灵曦拼命摇着头,想要甩开他的手,可是随着头部的晃动,那如波浪般的快感再次席卷全身。
她绝望地发现,自己的身体竟然在迎合那个原人的触碰。
当那只脏手触碰到她的脸颊时,她竟然下意识地蹭了一下,就像一只讨好主人的小狗。
这个认知让她几欲发狂。
“怎么?是不是感觉里面很空?是不是很想让什么东西插进来止痒?”
另一个原人蹲在她身后,那只刚刚用过的黑色短棒再次抵在了那已经泥泞不堪的穴口,轻轻一戳。
“啊!”
灵曦浑身剧颤,发出一声短促的尖叫,紧接着便是一连串压抑不住的低吟。
那敏感度被放大了无数倍的肉壁,竟然贪婪地吸附住了那根短棒的顶端,仿佛那是她生命的唯一救赎。
“救我……杀了我……求求你……杀了我吧……”
她哭喊着,泪水混合着汗水打湿了鬓发。但这求饶声听在原人耳中,却成了最美妙的催情乐章。
她终于明白,对于现在的她来说,死亡成了一种奢望。
她那引以为傲的万年修为,此刻成了最大的诅咒,将她牢牢钉在这个耻辱柱上,让她清醒地看着自己是如何一步步沉沦,如何变成这群畜生胯下的一滩烂泥。
……
“请大人们手下留情,别把我的爱徒弄坏了,她还是第一次,身子骨还脆着呢。”
这声音,温柔得如同春日里拂过天山雪莲的微风,带着一丝熟悉的宠溺与关怀,轻易地穿透了这片充斥着淫邪与腥臭的红雾,落入了灵曦几近崩溃的耳膜之中。
那一瞬间,灵曦那因绝望而涣散的瞳孔猛地收缩。
这声音……刻在她灵魂深处几百年,她绝不可能听错!
这是她的师尊,是引领她踏入仙途的领路人,是千年之前修真界公认的第一女剑仙——寒月仙子。
在灵曦心中,师尊是比九天神女还要圣洁的存在。
记忆如潮水般涌来,那是千年前的昆仑之巅,师尊一袭胜雪白衣,手持“凛霜”神剑,一剑霜寒十四州,斩杀作乱妖龙,那身姿凛然如孤松,那眼神清冷如寒星。
师尊抚摸着她的头顶,语重心长地教导:“灵曦,吾辈剑修,当心如止水,斩断凡尘俗欲,方能证得无上大道。”
“师尊!”
灵曦仿佛在溺水中抓住了唯一的浮木,她猛地抬起头,虽然身体依然被原人按在泥里,虽然下身依然门户大开流着羞耻的液体,但她的眼睛里重新燃起了希望的光。

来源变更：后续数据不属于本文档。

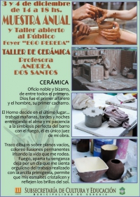 Los dÃas Sábado 3 y Domingo 4 de Diciembre de 2011 se realizará la Muestra Anual y Taller Abierto al Público. El Taller Municipal de Cerámica es dictado por la Prof. Andrea Dos Santos.

师尊飞升千年,定已在仙界成就无上果位,只要师尊在,这群丑陋的妖孽必死无疑!
“师尊救我!杀了这群……”
然而,那充满希望的呼喊,在看清迷雾中走出的身影时,像是被一只无形的大手硬生生掐断在了喉咙里,变成了破碎的咯咯声。
那是一个“人”……如果那还能被称为人的话。
寒月仙子确实来了。
但她不是御剑乘风而来,也不是脚踏祥云而降。
她是……像狗一样,四肢着地,从那泥泞的灌木丛中爬出来的。
曾经那件象征着掌门威仪的月白道袍早已不知所踪,取而代之的是一具未着寸缕、赤条条的肉体。

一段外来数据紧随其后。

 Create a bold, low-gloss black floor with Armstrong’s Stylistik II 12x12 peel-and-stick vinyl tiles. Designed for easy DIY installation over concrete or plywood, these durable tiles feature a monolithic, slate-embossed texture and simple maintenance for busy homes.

岁月似乎没有在她身上留下痕迹,那具身体依然丰腴美好,只是如今,这具曾令无数大能不敢直视的圣洁仙躯上,布满了各种令人触目惊心的痕迹。
她的脖颈上,扣着一个粗黑沉重的皮革项圈,上面连着一条拖在地上的铁链。
原本洁白如玉的肌肤上,用不知名的黑色颜料画满了淫秽的符文——那是某种“隶属契约”,从锁骨一直蔓延到那两团随着爬行而晃荡的硕大乳房上,甚至在两点被玩弄得肿胀紫红的乳尖周围,还画着两个带着箭头的圆圈,仿佛在标注着那是用来做什么的器官。
更让灵曦感到窒息的是,师尊的身后……
在那原本只有剑修傲骨的尾椎处,竟然赫然插着一条毛茸茸的、粉白色的狐狸尾巴!
那是某种特制的肛塞,粗大的基座此时正完全没入师尊的体内,随着她爬行的动作,那蓬松的大尾巴在空中左右摇摆,透着一股说不出的妖媚与下贱。
“师……师尊……?”
灵曦的大脑一片空白,仿佛被万千天雷同时轰击。